While spring of 2020 introduced virtual instruction to all public schools, virtual schooling had already been growing in most states. We focus on pre-COVID-19 changes to full-time virtual school enrollment in public schools, and provide evidence on the relationship between virtual school enrollment, internet speed, community demographics, and traditional K–12 school achievement levels. We find negative associations between online enrollment and test achievement in brick-and-mortar schools, and low internet speeds. There is some evidence that students are less likely to enroll in virtual schools as the share of students of their own demographic in brick-and-mortar schools increases.

Disclosure statement

No potential conflict of interest was reported by the author(s).

Notes

1. As described in Gemin et al. (Citation2015), “Virtual schools are full-time online schools, sometimes referred to as cyber schools, which do not serve students at a physical facility. Teachers and students are geographically remote from one another, and all or most of the instruction is provided online. These may be virtual charter schools or non-charter virtual schools” (p. 6).

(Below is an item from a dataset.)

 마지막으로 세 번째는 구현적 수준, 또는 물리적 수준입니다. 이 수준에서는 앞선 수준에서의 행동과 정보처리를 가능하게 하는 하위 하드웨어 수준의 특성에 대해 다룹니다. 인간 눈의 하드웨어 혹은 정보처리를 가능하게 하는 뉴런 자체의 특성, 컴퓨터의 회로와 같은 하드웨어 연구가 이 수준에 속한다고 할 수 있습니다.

2. There is no census of full-time virtual public school students before the first year of tracking within the Common Core of Data, 2014. Wicks (Citation2010) bases his best estimate of 2010 full-time virtual school enrollments off of survey data, and classifies it as “somewhat conservative”. Such comparisons are challenging because definitions of full-time virtual school may be different. For instance, if “primarily virtual” schools are considered full-time virtual schools in the CCD then enrollment increased 120% since 2010. Regardless, the rise in virtual school enrollments is much higher than increases in overall enrollment (three percent) (National Center for Education Statistics, Citation2021a).

3. On the other hand, some states, such as New Jersey, will not allow school districts to offer virtual options in the 2021–2022 school year (Tully, Citation2021).

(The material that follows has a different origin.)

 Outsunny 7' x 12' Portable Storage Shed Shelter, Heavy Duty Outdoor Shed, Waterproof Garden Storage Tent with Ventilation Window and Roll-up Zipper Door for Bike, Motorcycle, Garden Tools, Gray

4. To be clear, we are not attempting to assess the quality of virtual K–12 education, rather whether achievement in brick-and-mortar schools predicts virtual school enrollment. For more on the limited evidence on the student achievement effects of online schooling, see Patrick and Powell (Citation2009), Ahn and McEachin (Citation2017), Molnar et al. (Citation2019), and Sahni et al. (Citation2021).

5. Estimates come from the annual National Education Policy Center on virtual schools. During this time no national data was collected in a standardized way. Instead, the authors estimate enrollment figures from reports on education management organizations and an annual report, Keeping Pace, paid for by the K–12 virtual schooling industry.

6. For a review of virtual charter enrollment by state see, Gill et al. (Citation2015).

7. This is noteworthy as Stride is proactive in growing its enrollment via recruitment and advertising, and as such is expansion process may affect the makeup of online enrollments.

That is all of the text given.